I was flying cross-country Tuesday night and didn’t see Donald Trump’s State of the Union Address. The instant reviews were predictably mixed. Trump supporters, even reluctant ones, seemed to like it. His critics hated it.
I read it twice and mostly liked what was in there. The tribute to North Korean defector Ji Seong-ho was moving even on the page. But the most notable thing about the speech was actually what it left out.
Trump said nothing about the country’s $20 trillion debt crisis. Literally not a word. It was a long, long speech—80 minutes, counting applause breaks—but the president and his speechwriting team apparently couldn’t find any room for a mention of debt and the slow-motion crisis that is upon us.
Did they simply not think about it? Or did they deliberately exclude any talk of spending restraint and, most importantly, entitlement reform?
The only mention of “spending” was a reference to spending time. And the only reference to “deficits” came when the president invoked the “infrastructure deficit” he vowed to end with “at least $1.5 trillion for the new infrastructure investment we need.”

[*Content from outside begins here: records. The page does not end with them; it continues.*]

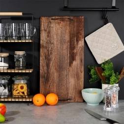 Two metal handles provide a secure grip and comfortable carrying from the kitchen straight to the table. The surface with pronounced wood grain and a distressed finish adds a rustic touch and modern style to your table setting.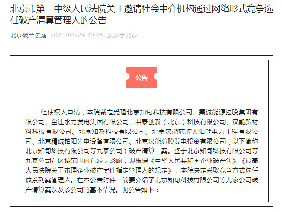 經(jīng)債權(quán)人申請,北京市第一中級人民法院裁定受理北京知旬科技有限公司、秉誠能源控股集團有限公司、金江水力發(fā)電集團有限公司、君泰創(chuàng)新(北京)科技有限公司、漢能新材料科技有限公司、北京知乘科技有限公司、北京漢能薄膜太陽能電力工程有限公司、北京精誠鉑陽光電設備有限公司、北京漢能薄膜發(fā)電投資有限公司破產(chǎn)清算一案。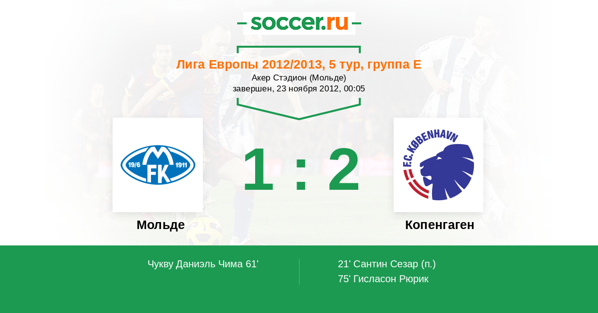 75' (1:2) Гисласон Рюрик (19) (Сантин Сезар (11))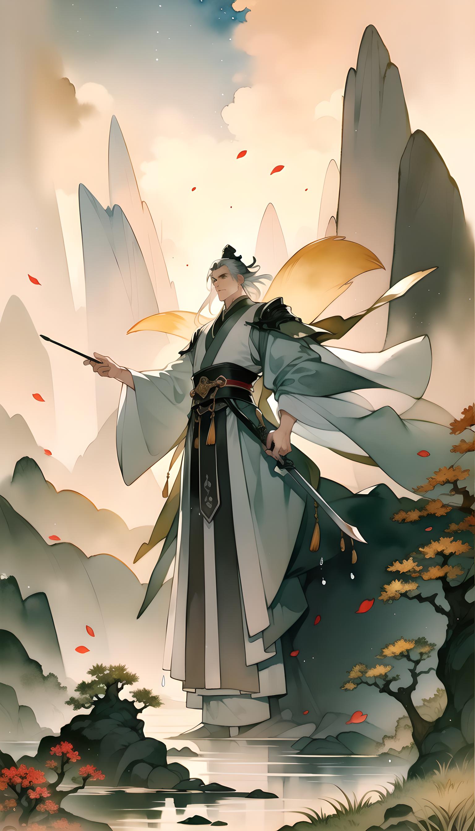 持剑面对瀑布

Perhaps we shouldn’t be surprised. Trump offered lip service about reducing the debt as a candidate but proudly opposed the entitlement reforms necessary to accomplish it. “I’m not going to cut Social Security like every other Republican, and I’m not going to cut Medicare or Medicaid,” Trump told the Daily Signal a month before announcing his candidacy. “Every other Republican is going to cut, and even if they wouldn’t, they don’t know what to do because they don’t know where the money is. I do.”
At one point, he suggested that he had the answers if the U.S. economy collapsed under the weight of its debt. “I would borrow, knowing that if the economy crashed, you could make a deal,” Trump said in the spring of 2016.

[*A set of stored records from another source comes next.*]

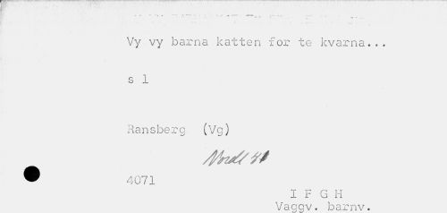 //// • » "t. v " - * "— — • tf- n _ •—» » .«'-« . . //// * « » f. _ f ¦ ,«. . //// Vy.vy barna katten for te kvärna... //// g 1 //// Ransberg. (Vg) //// I F G H Vaggv. barnv. ////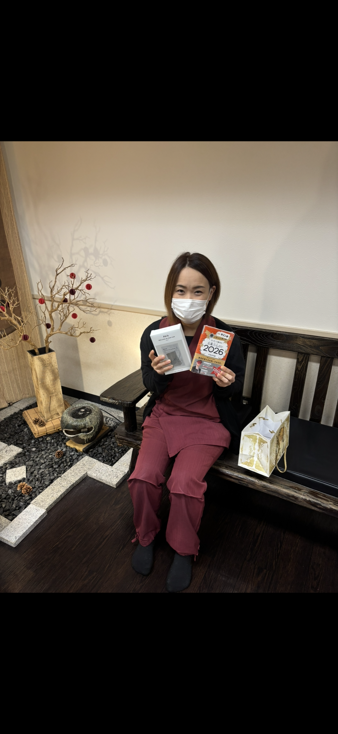 12月18日は杉山さんのお誕生日でした。スタッフみんなからのプレゼントは「韓国コスメ・シートマスクパックアクアフィット10枚とゲッターズ飯田の五星三心占い本」です✨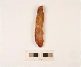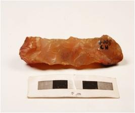 | Description / विवरण | Raw material of carnelian stone with smooth surface chipped off sides, rectangular in shape and square section, cortex visible at one end and raw material given heat treatment. |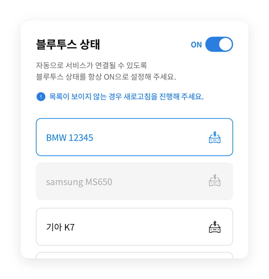 • 본 서비스는 주행정보에 따라 포인트를 지급하는 서비스로 차량 블루투스 외 다른 기기 블루투스에 연결 시 이용이 제한될 수 있습니다.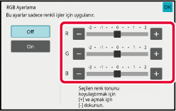Bu işlev, R (kırmızı), G (yeşil) ve B (mavi)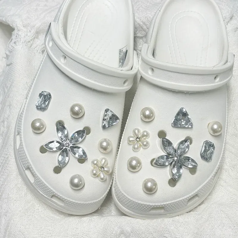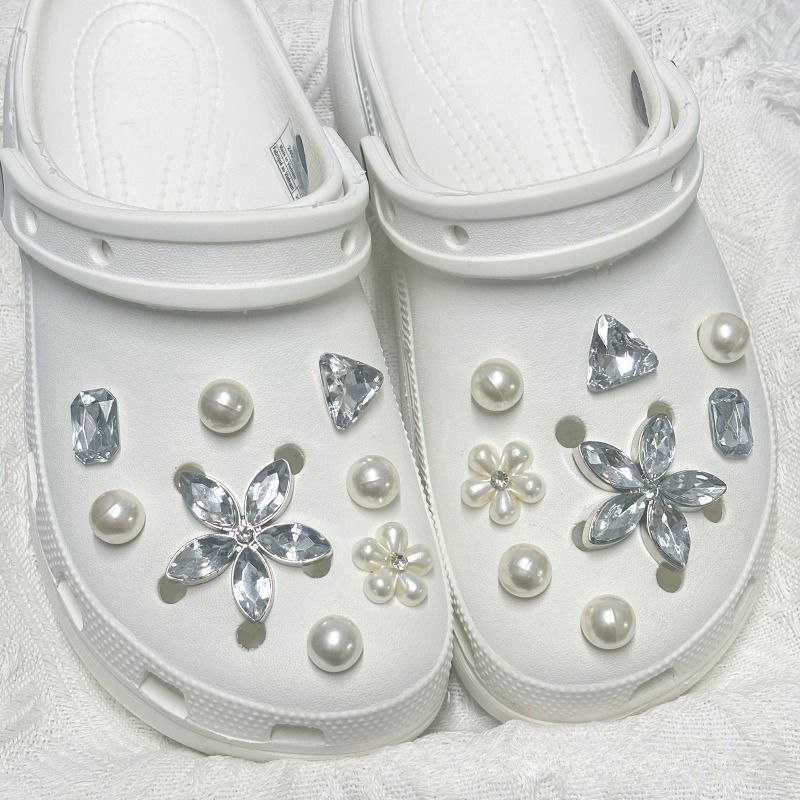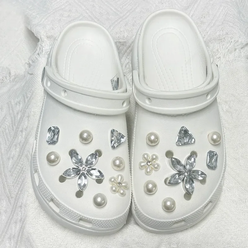 16PCS Floral Pearl Shoe Charms Set Elegant Women's Garden Shoe Decorations for Wedding Beach Party DIY Slipper Accessories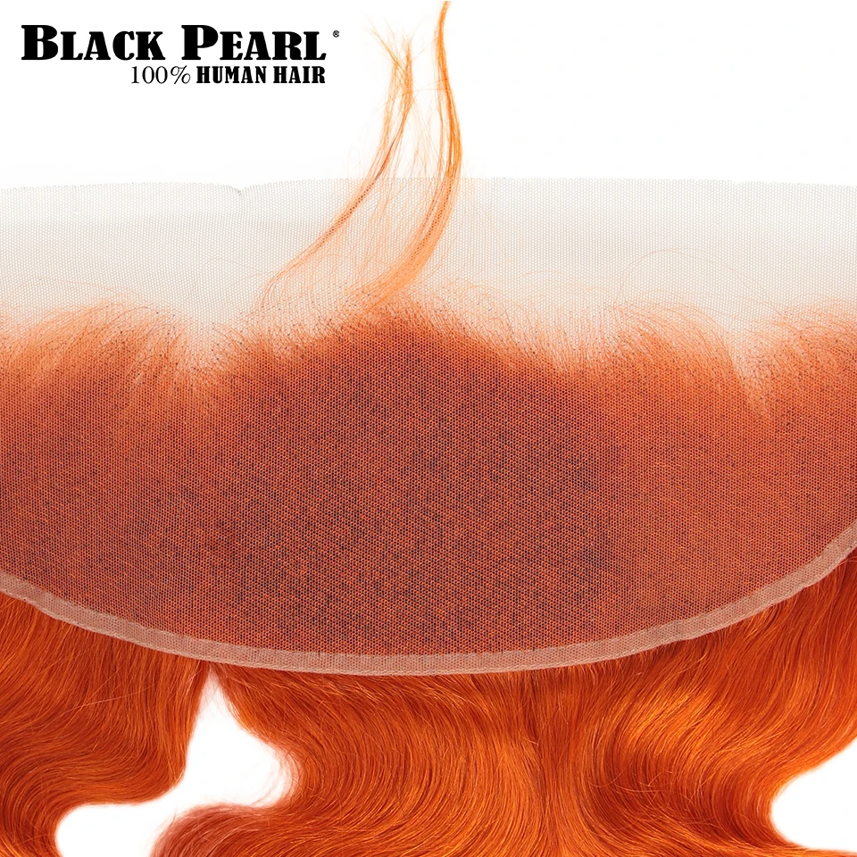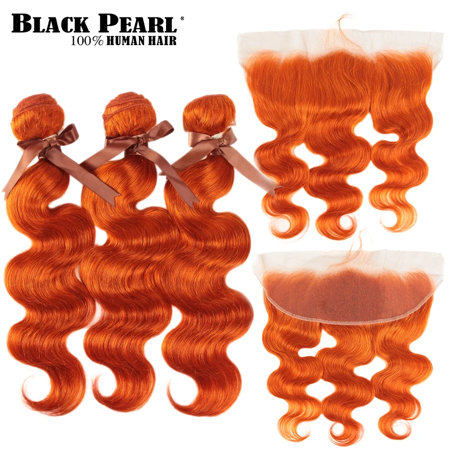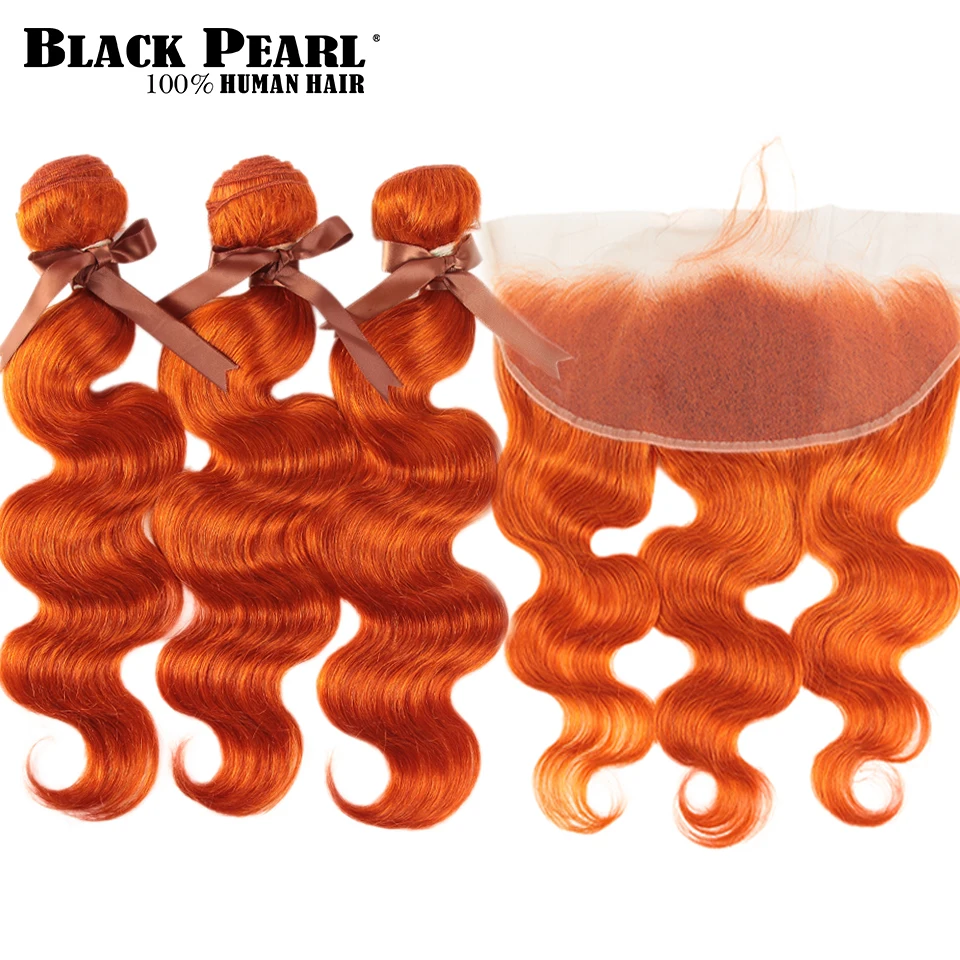 Черные жемчужные оранжевые пряди с фронтальными малазийскими волосами, волнистые пучки, 100% человеческие волосы Remy для наращивания, 4 шт. в одной упаковке

His cluelessness was even more apparent during an October appearance with Sean Hannity, when Trump bizarrely claimed that gains in the stock market might wipe out the debt. “The country, we took it over and owed over 20 trillion. As you know the last eight years—they borrowed more than it did in the whole history of our country. So they borrowed more than $10 trillion. Right? And yet we picked up $5.2 trillion just in the stock market. Possibly picked up the whole thing in terms of the first nine months, in terms of value. So you can say, in one sense, we are really increasing values and maybe in a sense, we are reducing debt. We are very honored by it and very, very happy by what’s happening in Wall Street.”
Here’s what particularly striking about all of this. Nobody seems to care. My email inbox was full of statements praising Trump’s speech from many of the same Republicans who had shown genuine courage—something in short supply in Washington—from 2011-2016 by voting for serious entitlement reforms pushed by Paul Ryan and included in GOP budgets.
In congressional testimony in November, outgoing chairwoman of the Federal Reserve Janet Yellen said: “I would simply say that I am very worried about the sustainability of the U.S. debt trajectory. Our current debt-to-GDP ratio of about 75 percent is not frightening but it’s also not low.” Yellen added: “It’s the type of thing that should keep people awake at night.”
These are the kinds of things that Republicans once believed—and once articulated. No longer?
Most of Donald Trump’s first State of the Union speech will be quickly forgotten, even the parts that most excited Republicans. What we’ll remember, I’m afraid, when we look back at $20 trillion in debt as an urgent but solvable problem, was the gaping hole at its center.